Rapid Rise Again in COVID-19-related Nursing Home Cases & Deaths

Rapid Rise Again in COVID-19-related Nursing Home Cases & Deaths

Although the Trump Administration has an ongoing effort to protect vulnerable elderly residents in long-term care facilities such as nursing homes from the ravages of COVID-19, the latest surge is once again disproportionately impacting the high risk population.  A recent Associated Press analysis identified that new weekly cases involving COVID-19 have dramatically risen from 1,083 to 4,274—up nearly four-fold—from late May until late October. A new study funded by University of Chicago revealed that, unfortunately, deaths of the nations’ most vulnerable population have doubled from 318 week to 699. Just as troubling, nursing home staff are getting hit hard again with cases in the surge states quadrupling from 855 per week by the end of May to 4,050 per week by Oct. 25. Unfortunately, it would appear asymptomatic nursing home staff could be a contributing factor. Recent research out of the University of Chicago questions the current approach to fighting COVID-19 and suggests community spreading of the virus endangers nursing home residents.

A Deadly Situation

A national tragedy continues to unfold as the nation’s elderly, those that have worked and contributed to society for a lifetime, die at unacceptable rates. Although nursing homes and other long-term care facilities represent only 1% of the U.S. total population, they represent 40% of COVID-19 deaths, reports the COVID Tracking Project.

Support Funded

The recent AP report shared that the Trump Administration has allocated $5 billion to nursing homes as well as shipped nearly 14,000 rapid-test machines in a bid to ensure every facility has the wherewithal and capabilities for maximizing resident and staff protection.

Shut-Downs via Risk-Based Openings

Does this latest data put into question the White House’s plan for opening up states while working to establish protective shields around vulnerable populations, such as the elderly in nursing homes? The White House approach can be thought of a “risk-based approach” where those that face low risk (e.g. younger, healthier people) can move about freely, which has obvious benefits (keep the economy going, etc.).

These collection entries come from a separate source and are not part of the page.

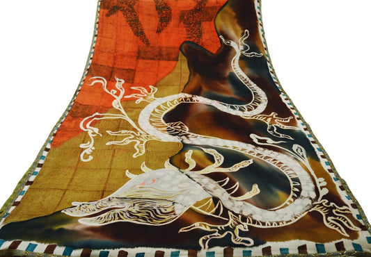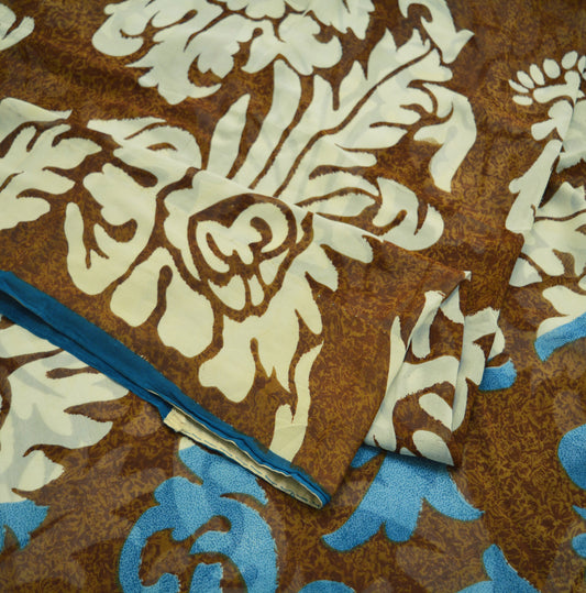 Indian Vintage Sari Brown Pure Georgette Silk Digital Printed Saree Sewing 5yard Craft Soft Floral Crafting Dress Making
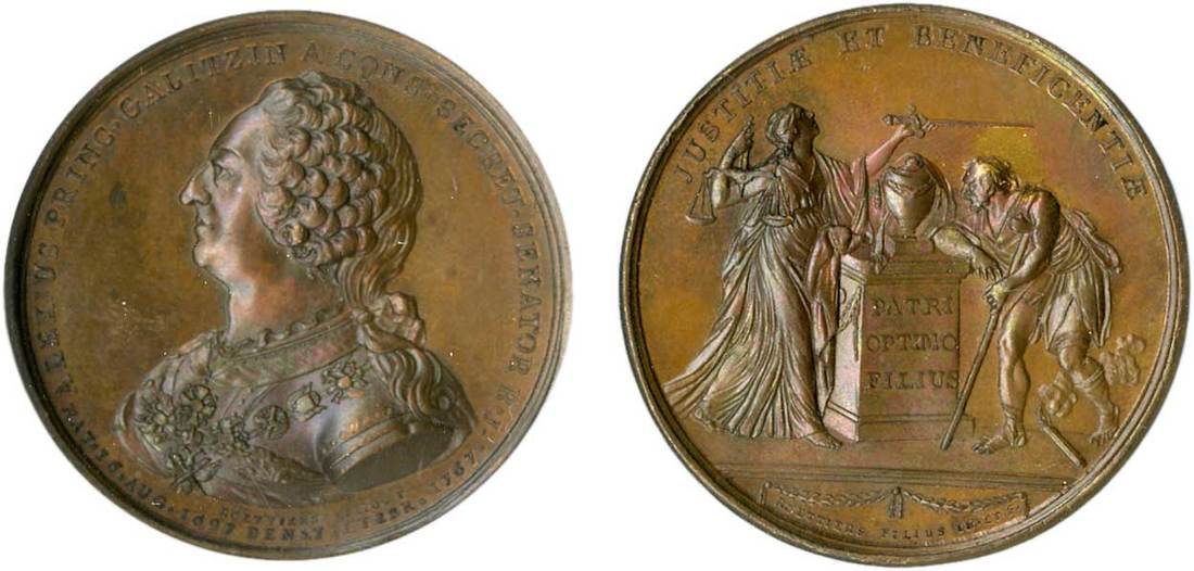 Russia. Catherine II, the Great (1762-1796). Death of Prince Alexei Gallitzen, 1767. Bronze. 47 mm. By J.C. Roettiers. Armored bust of the Prince left, wearing the Order of St. Andrew, rev. Justice and beggar - representing Generosity -- standing at opposite sides of an altar, inscribed: PATRI OPTIMO FILIUS, on which rests an urn; JUSTITIAE ET BENEFICENTIAE. Diakov 134.1. Good lustre. NGC Uncirculated Details Surface Hairlines.
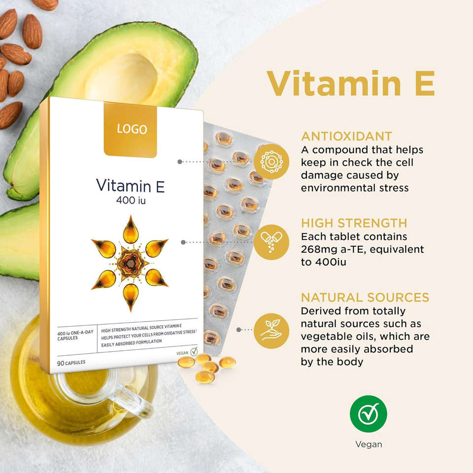 วิตามินอีธรรมชาติบริสุทธิ์ 400lU สารสกัดเสริมอาหาร โทโคไตรอีนอล 300 มก. แบบซอฟต์เจล เสริมสร้างภูมิคุ้มกัน สุขภาพผิวสำหรับทารกแรกเกิด
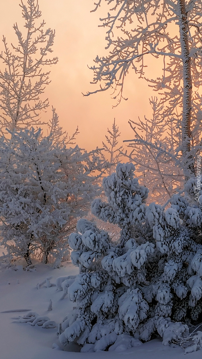 Edytor tapety: Zaśnieżone krzewy i drzewa

However, some question whether the prospect of not fully controlling community spread just represents a losing battle when considering what is occurring ongoing with nursing homes.

Chicago Researchers Discuss

The recent long-term research was conducted by Rebecca Georges and Tamara Konetzka who express concerns about the direction right now. Ms. Konetzka, a subject matter expert in the field of long-term care, lectured, “Tying to protect nursing home residents without controlling community spread is a losing battle.”

She continued, “Someone has to care for vulnerable nursing home residents, and those caregivers move in and out of the nursing home daily, providing an easy pathway for the virus to enter.”

CMS Position

The Centers for Medicare and Medicaid Services issued a statement in response to this study that “the bottom line is that the COVID-19 pandemic’s effect on nursing homes is complex and multifactorial.” Essentially justifying its actions, the agency declared its doing all it can to protect these facilities’ residents and emphasized that this demographic would be first in line for a vaccine. They emphasized that ultimately the facilities themselves are responsible for the safety of residents.

Researchers Look at Community-wide Problems?

The Chicago researchers suggest the problem does involve a much broader problem that CMMS does have some accountability over—that is the issue of “community spread.” Ms. Konetzka emphasized, “Trying to protect nursing home residents without controlling community spread is a losing battle.” The researcher pointed out that the problem isn’t one of specific facility quality but rather a broader community-wide problem. The implication of course points to more proactive involvement by the federal government to control community-wide contagion.